Data provided:

-- -- --

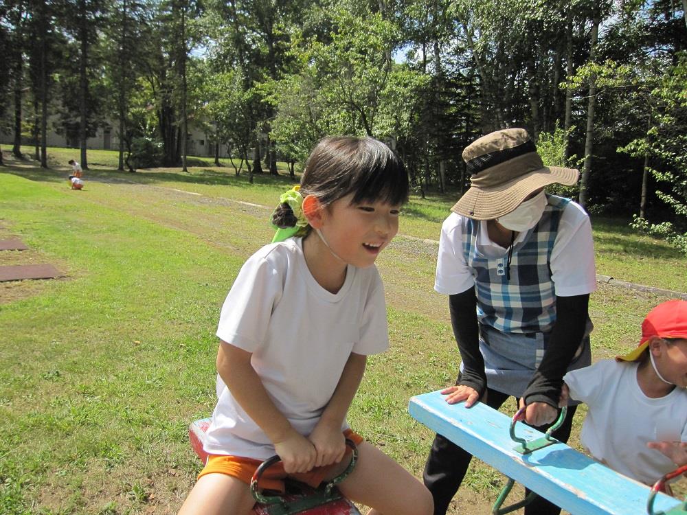 お弁当を食べて元気復活!恐竜の遊具やおもしろいブランコ、虫探し…などなど余すことなく芽室公園を楽しむことができました✨
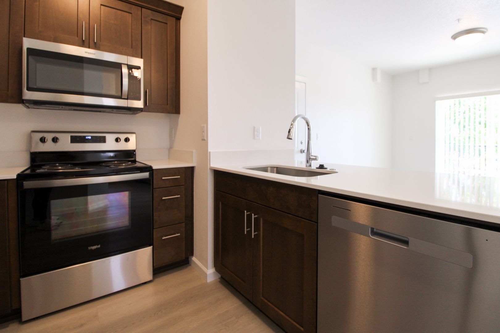 This second floor one bedroom one bathroom unit features a stacking washer/dryer in the unit! The unit has LVP flooring, stainless steel appliances (refrigerator, stove/oven, dishwasher, microwave) and quartz countertops. The primary bedroom features an attached bathroom and a spacious closet! Other features of the home include extra storage spaces throughout, mini-split heat/AC, a sliding glass door leading to the patio/balcony and off street parking!
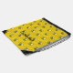 Smiling flying bee cartoon over seamless bee-hive background. Custom text.

-- -- --

What the task asks:
Your task is to reproduce all of the material exactly. The pictures stay out.

Response for this exercise:
 お弁当を食べて元気復活!恐竜の遊具やおもしろいブランコ、虫探し…などなど余すことなく芽室公園を楽しむことができました✨
 This second floor one bedroom one bathroom unit features a stacking washer/dryer in the unit! The unit has LVP flooring, stainless steel appliances (refrigerator, stove/oven, dishwasher, microwave) and quartz countertops. The primary bedroom features an attached bathroom and a spacious closet! Other features of the home include extra storage spaces throughout, mini-split heat/AC, a sliding glass door leading to the patio/balcony and off street parking!
 Smiling flying bee cartoon over seamless bee-hive background. Custom text.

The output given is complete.